In recent weeks, facing public uncertainty about coronavirus and a severe domestic shortage of medical-grade face masks, top Trump administration officials offered adamant warnings against widespread use of masks, going so far as to argue that members of the general public were more likely to catch the virus if they used them.

“You can increase your risk of getting it by wearing a mask if you are not a health care provider,” Surgeon General Jerome Adams said during an appearance on “Fox & Friends” earlier this month.

“If it’s not fitted right you’re going to fumble with it,” warned Health and Human Services Secretary Alex Azar late last month, when asked about N95 respirator masks.

“Right now, in the United States, people should not be walking around with masks,” said Dr. Anthony Fauci, an immunologist and a public face of the White House Coronavirus Task Force, on CBS’ “60 Minutes” earlier this month. He, like the others, suggested that masks could put users at risk by causing them to touch their face more often.

But as the crisis has played out around the world and intensified in parts of the U.S., reasons have emerged to doubt the wisdom of this guidance, which ranks among the most forceful warnings against mask use by national health authorities anywhere and does not differentiate between medical-grade masks and simple cloth coverings. A number of societies where mask use is more widespread, and where mask shortages have been less severe, seem to have had more success containing the virus. Now, some health experts, who say there is no evidence for the claim that masks increase users’ risk of catching the virus, are calling for more widespread use of face coverings in the U.S.

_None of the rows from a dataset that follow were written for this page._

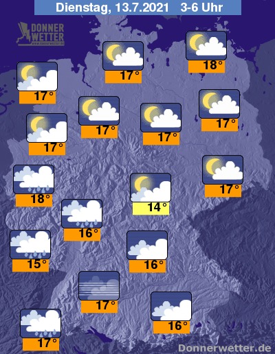 In der Nacht zum Dienstag bringen dichte Wolken entlang des Rheins zum Teil langanhaltenden und ergiebigen Regen. Im übrigen Süddeutschland ist es auch meist dicht bewölkt, aber trocken. Sonst ist es verbreitet aufgelockert bewölkt und dazu trocken. Die Temperatur sinkt auf 18 Grad im Rheinland und bis 14 Grad im Grabfeld.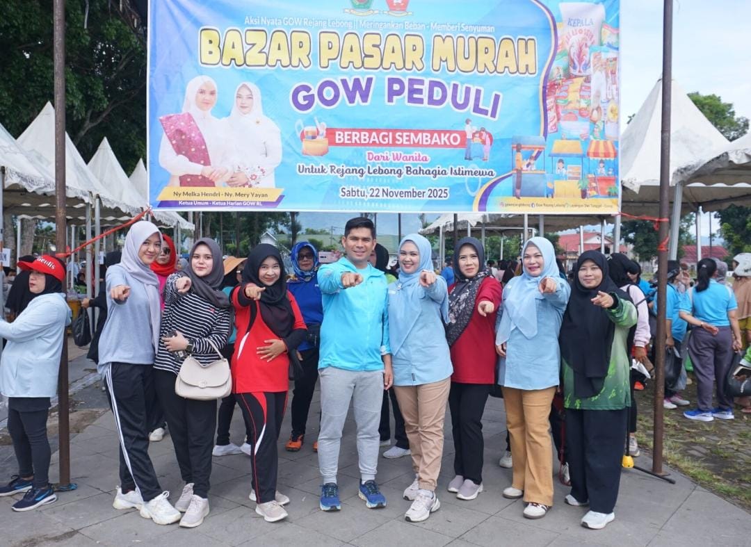 REJANG LEBONG (BENGKULU), SUARAPANCASILA.ID — Wakil Bupati Rejang Lebong, Dr. H. Hendri Praja, SSTP,menghadiri gelaran Bazar Murah dan Bakti Sosial GOW Peduli yang diselenggarakan GabunganOrganisasi Wanita (GOW) Kabupaten Rejang Lebong di Lapangan Dwi Tunggal, Curup, Sabtu(22/11/2025). Acara yang berlangsung sejak pagi ini menjadi kegiatan pembuka rangkaianGebyar HUT GOW 2025.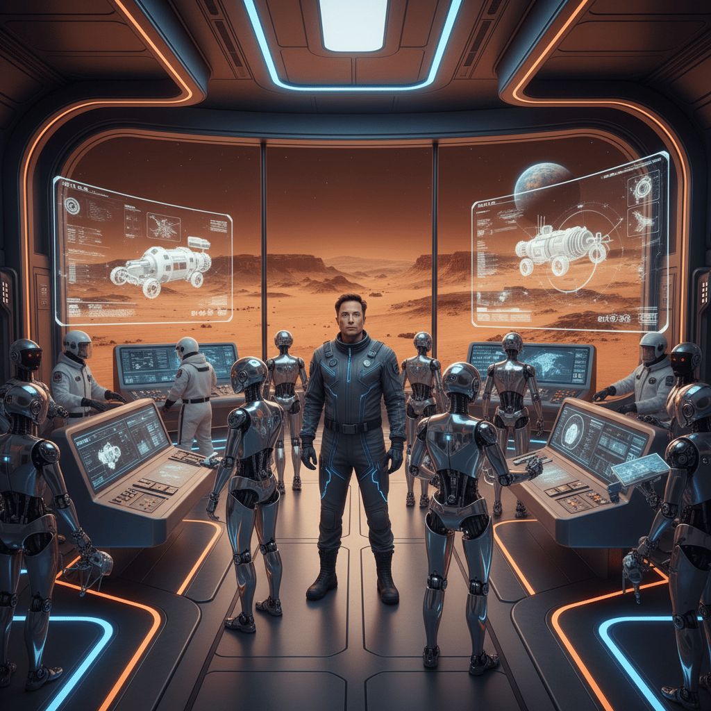 Prompt: Visualize Elon Musk standing in a cutting-edge Mars research facility surrounded by advanced AI robots and holographic blueprints. The lab features futuristic technology, glowing screens displaying Martian terrain data, and sleek metallic structures. Bright neon accents illuminate the space as AI assistants work alongside engineers. The Martian landscape is visible through massive glass windows, with Earth visible in the distant sky.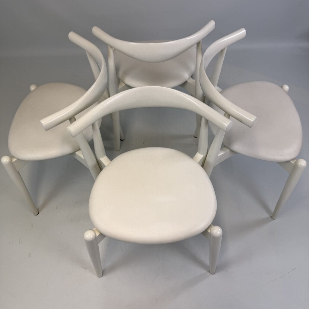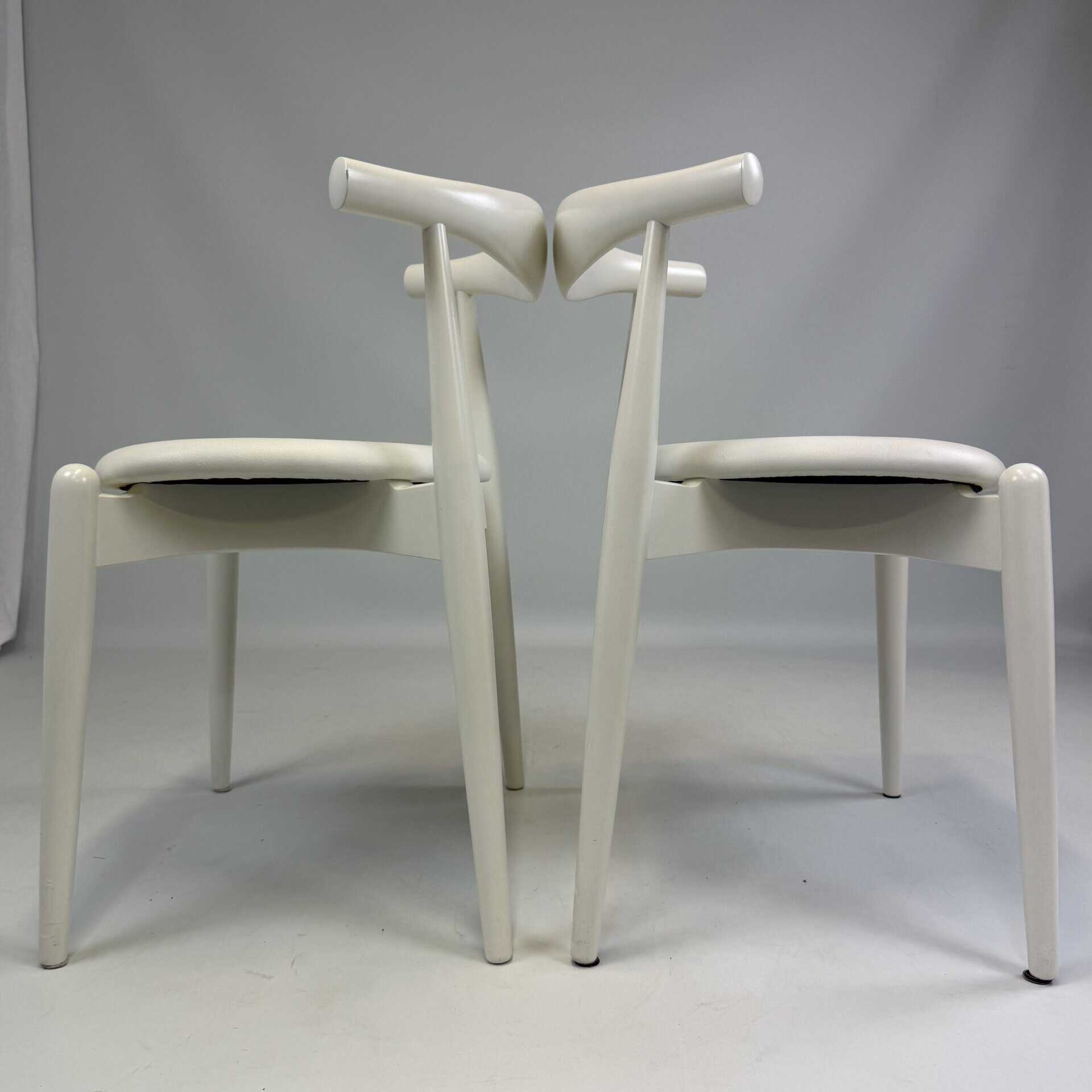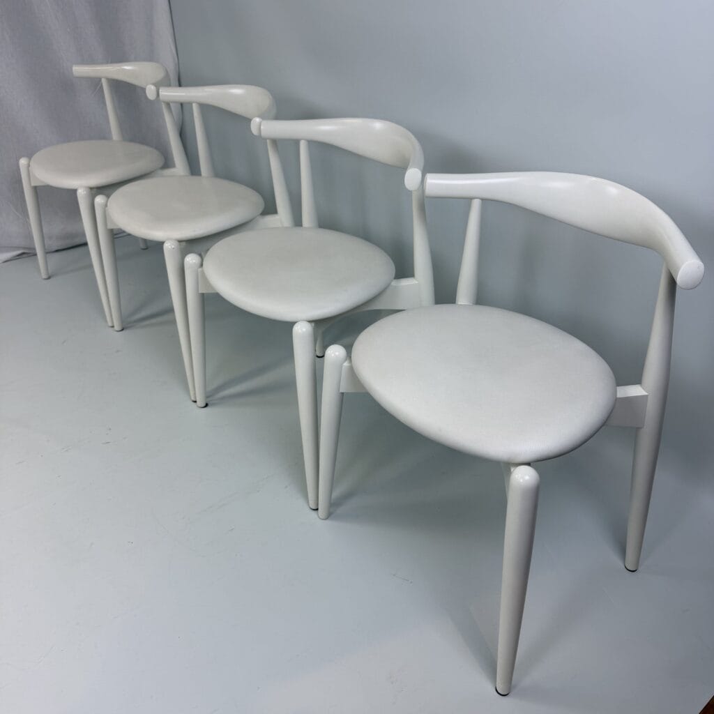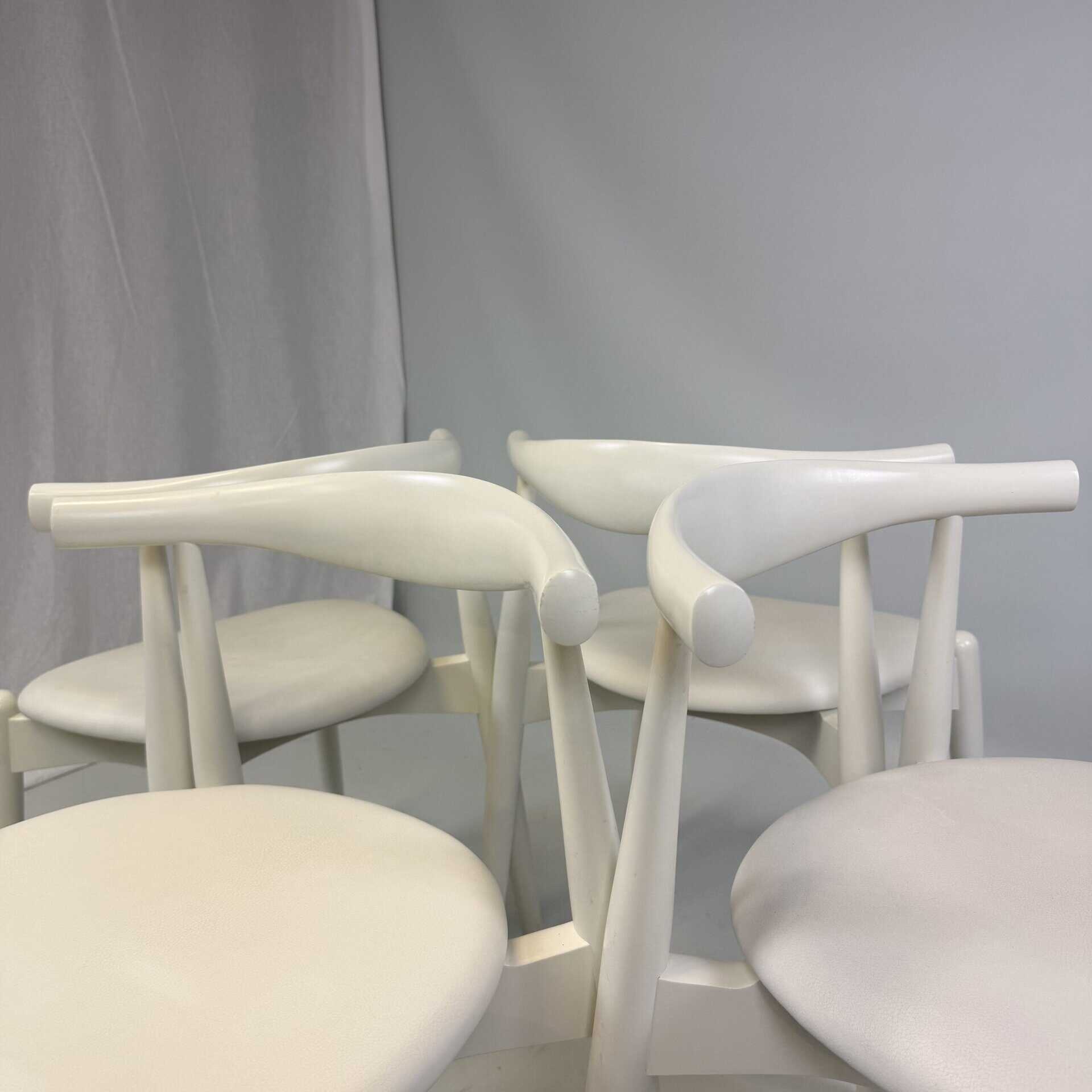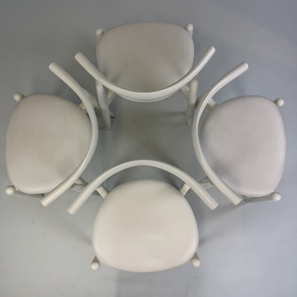 Suite of 4 white lacquered wooden frame and leather upholstery with a is the steam-bent backrest, crafted from a single piece of solid wood, which doubles as an elbow rest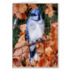 El pájaro de Jay azul está encaramado en una rama de roble helado.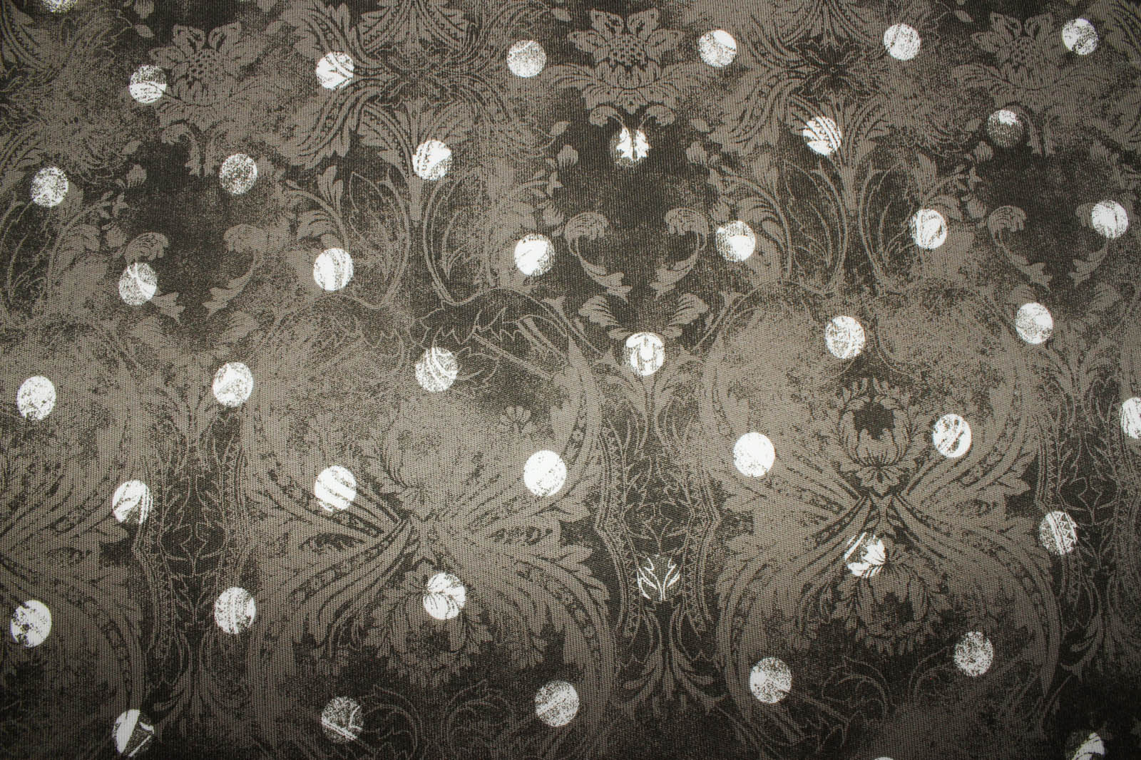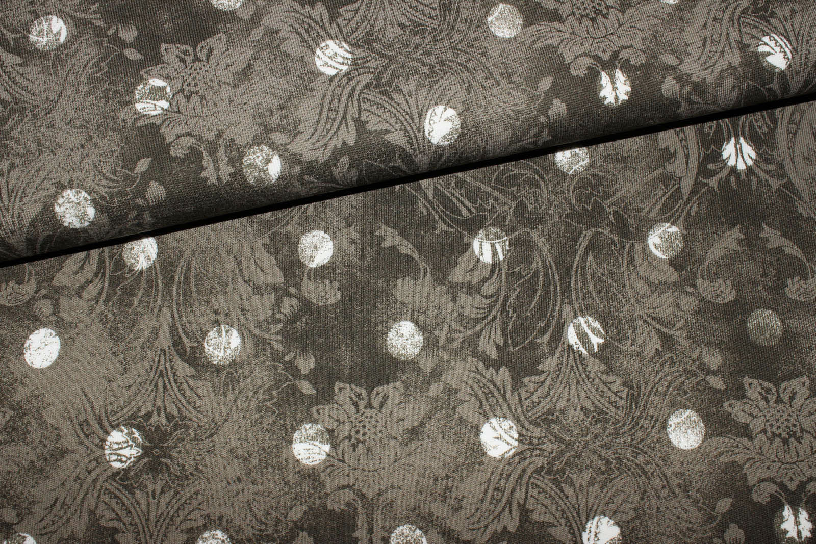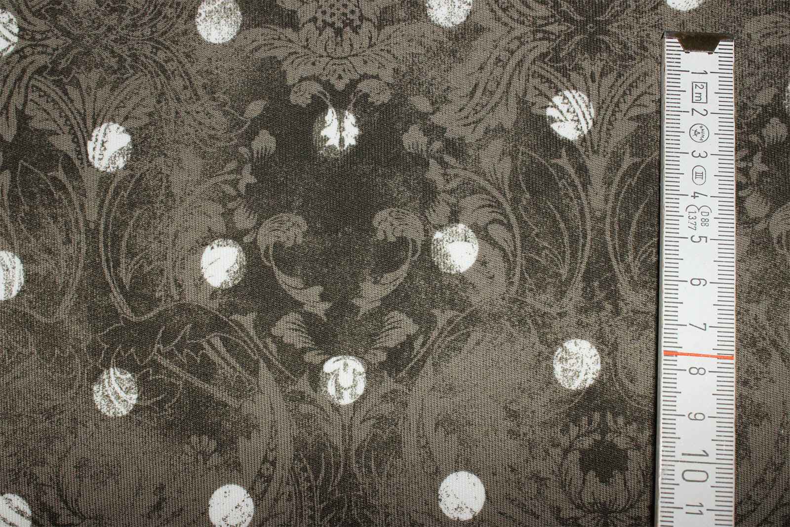 usw.Schöner griffiger Interlock Nostalgie aus dem Hause Lillestoff mit Blüten und Punkten im Vintagestyle auf einem dunkelbraunen Untergrund. Perfekt geeignet für Hoodies, Kleider, Röcke u.ä.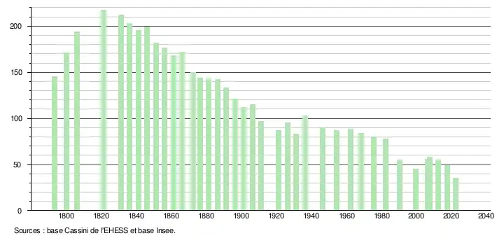 L'évolution du nombre d'habitants est connue à travers les recensements de la population effectués dans la commune depuis 1793. Pour les communes de moins de 10 000 habitants, une enquête de recensement portant sur toute la population est réalisée tous les cinq ans, les populations de référence des années intermédiaires étant quant à elles estimées par interpolation ou extrapolation[27]. Pour la commune, le premier recensement exhaustif entrant dans le cadre du nouveau dispositif a été réalisé en 2007[28].
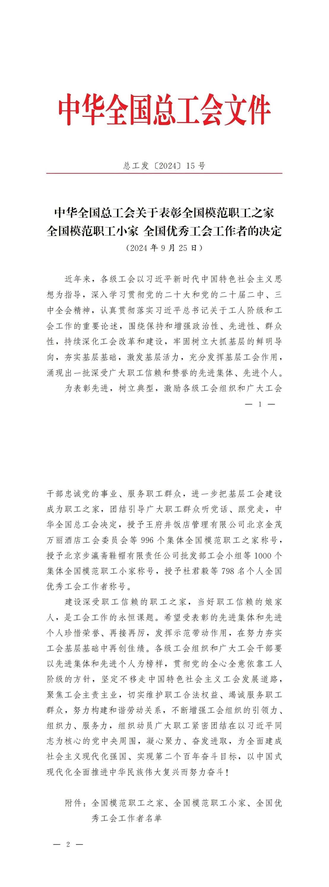 在这金秋送爽、硕果累累的美好时节,经过不懈努力与卓越表现,朗进科技荣获“全国模范职工之家”这一崇高荣誉,令人振奋!“全国模范职工之家”荣誉称号由中华全国总工会设立,是全国工会系统表彰先进集体的最高荣誉,是对基层工会工作的最高褒奖和肯定,是国家级的典型和标杆。
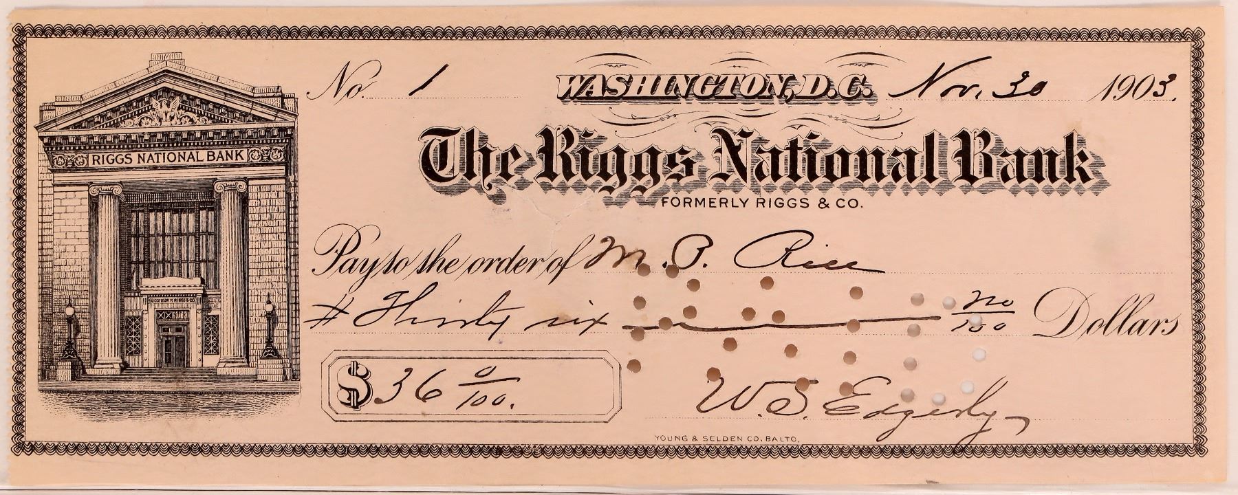 This is a cancelled check written by Winfield Scott Edgerly of the 7th Cavalry, dated 1903. Winfield Scott Edgerly, named after a Revolutionary War colonel and a graduate of West Point in 1870, was promoted to 1st Lt. the day before the Battle of The Little Big Horn making him second in command of Company D. Edgerly would survive the battle by joining Benteen's command. As 1st Lieutenant his duties included regimental quartermaster. One can only imagine what he witnessed on July 27 to discover Custer's wasted regiment. He went on as Commander of Company G 7th Cavalry to fight the Battle/Massacre of Wounded Knee (1890), now buried in Arlington National Cemetery.

“Guidance needs to change and needs to be clear that these nonmedical, nonsurgical masks are beneficial to the general public and should be worn when outside of the home,” said Robert Hecht, a professor of epidemiology at the Yale School of Public Health.

The increasing calls for more use of masks raise the question of whether authorities’ recommendations were based on genuine concerns about spreading Covid-19 or instead motivated by a desire to prevent a run on limited supplies of masks: “Seriously people — STOP BUYING MASKS!” tweeted Adams in late February. “They are NOT effective in preventing general public from catching #Coronavirus but if healthcare providers can’t get them to care for sick patients, it puts them and our communities at risk!”